The Assistant as Victim and Survivor
The nuances of the dimly lit toxic work environment resonate strongly with the stories emerging from the #MeToo floodgates. Jane’s exchanges with Tony, when he berates her by phone or she placates him via email, ratchet up the tension as her boss thrives on a perverse game of power and control. Each exchange consumes her within the apparatus of Tony’s design. Moreover, by focusing on Jane’s ongoing struggle with being a cog in the harassment machine, The Assistant makes clear the daily hell that is not unique to her workplace.
Virtually every frame of The Assistant hinges on Garner’s performance. The film is often gruelling hell as one watches the knots turn in Jane’s stomach. She is an outsider in the office. Tony’s transgressions aren’t merely an open secret in the office. They’re a joke and a tacitly accepted reality of the office environment.
Garner’s masterfully captivating performance presents a young woman trapped in an awful situation. She realizes the gut-wrenching stories of survivors of Weinstein’s hunts. However, underneath the chaos and discomfort on Jane’s face, Garner invests the character with a courageous awakening. There are subtle recognitions in which Jane realizes how easily she could be a victim of the behaviour she inadvertently enables. Flickers of great strength rise up in Jane, like when she refuses to lie to Tony’s wife or confronts his partner. The unspoken frustration that builds on Jane’s face throughout the day speaks volumes.
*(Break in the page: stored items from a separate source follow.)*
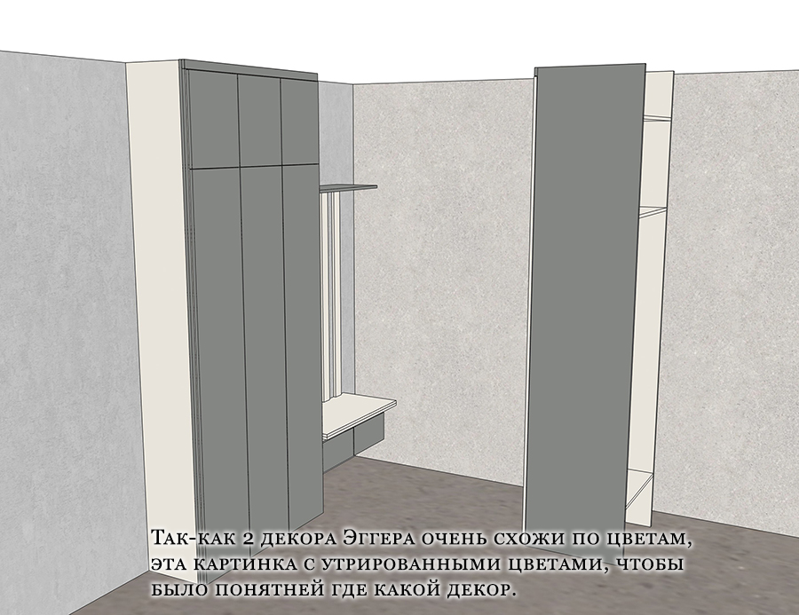 Интересный момент возник с выбором цвета. Заказчики выбрали два очень похожих оттенка ЛДСП от компании «Эггер» — «Бело-серый» и «Светло-серый». На мой вопрос о целесообразности такого решения они ответили, что различают эти оттенки и им так нравится. Несмотря на отсутствие контраста между цветами, мы выполнили их пожелание. Для удобства во время производства я создал специальные схемы с более насыщенными цветами, чтобы не перепутать декоры.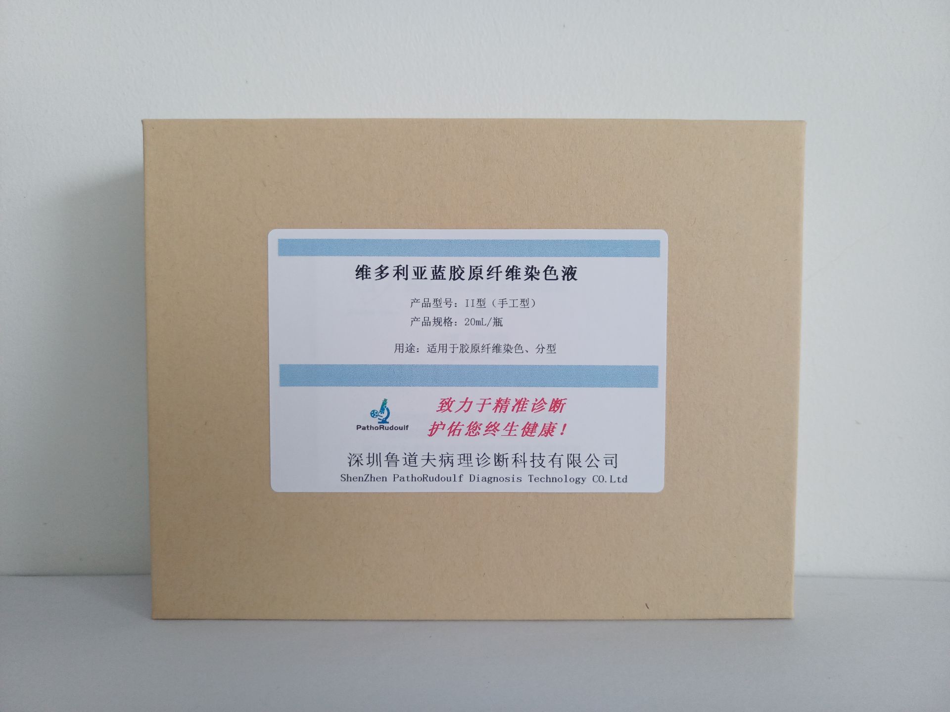 维多利亚蓝胶原纤维染色液主要由维多利亚蓝染色液、丽春红染色液组成,该染色液克服了VG染色易褪色和对比不明显的缺点,主要用于各种组织病变时对胶原纤维异常或纤维增生的研究中,在普通光学显微镜下心脏血管等组织的胶原纤维被染成红色。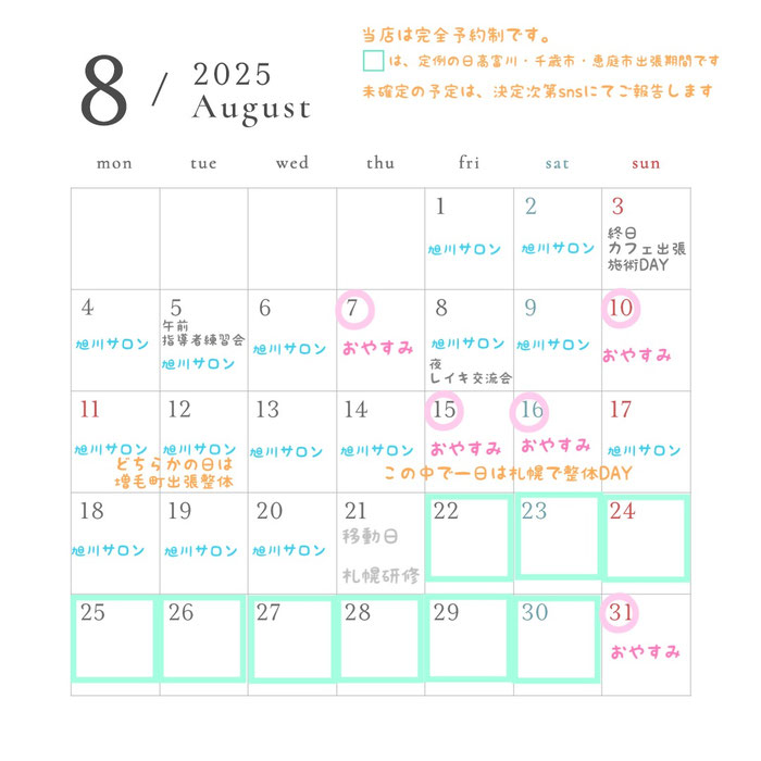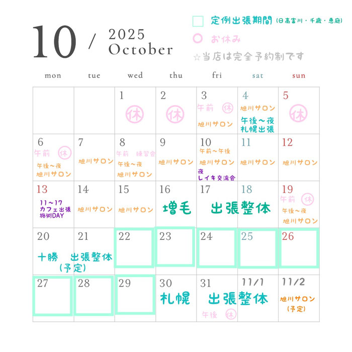 はっきりしないスケジュールがありますが、ご予約の時はお問い合わせください♪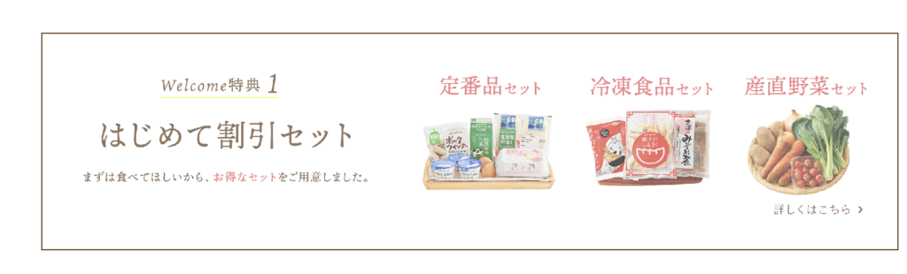 本入会の特典として、1回限り「初めて割引セット・産直野菜」が586円(税込)でお試しできます。トマト、小松菜、玉ねぎ、ジャガイモ、人参といった王道の野菜をとってもお得な値段で試せるので、本入会した方は是非注文してみてください。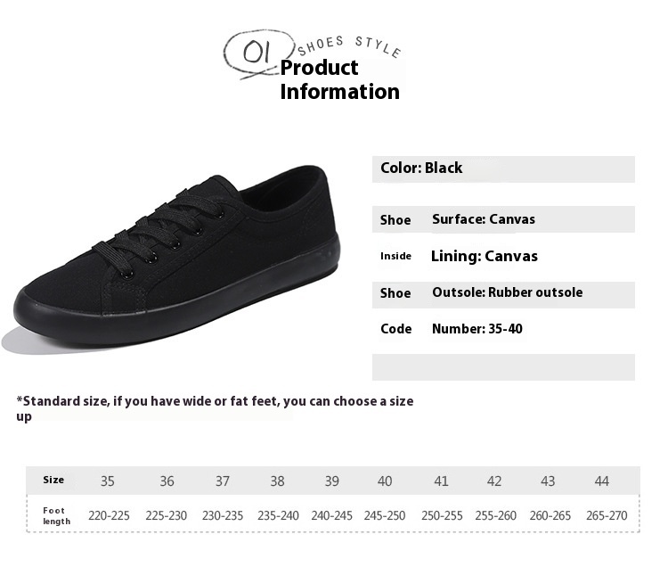 Korean Style All Black Slimming Versatile Pure Breathable Flat Work Shoes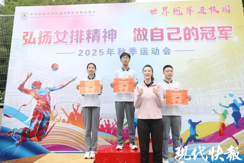 附中科高女排队现任教练正是惠若琪曾经的队友李慧,两人从省队到国家队结下了深厚的队友情,如今她们又都成了教师。惠若琪现场对女排队员的技术动作、战术配合等进行指导,并示范了扣球、拦网等动作。在不久前结束的2025年全国青少年U19女排锦标赛上,由南京师范大学附属中学秦淮科技高中领衔的南京秦科高女排代表江苏省出战以全胜战绩勇夺桂冠、摘得金牌。

Enough is enough.
Re-Shifting the Blame
One owes it to Jane and other victims of this toxic machinery to return to Mol’s words. “I had heard similar rumors about other actresses and Harvey Weinstein for years, even before I heard them about myself,” wrote Mol in her THR op-ed. “I knew that it was not true in my case, so I naively assumed it was equally false in general. The consistent implication was that actresses were eager for the bargain, that we wanted fame and fortune so desperately that we would make this kind of nauseating concession. This is another kind of misogyny, and blame-shifting.” These words are Jane’s hell in a nutshell.
The Assistant makes painfully clear the nauseating concessions people make in their quest for power. They are so pervasive that even a film that addresses them can’t escape them. The film is a wake-up call for audiences everywhere, at any rung of the corporate ladder, to recognize the foul machinery of which they are apart. Any small act, from sharing a blind item to turning a blind eye, contributes to a larger problem. By the end, Jane makes clear the necessity of confronting uncomfortable truths to break the cycle that makes victims of us all.
The Assistant opens in theatres Feb. 7
*Update: a representative from the film’s distributor confirmed that they did not know about Lui’s history prior to the publication of this review.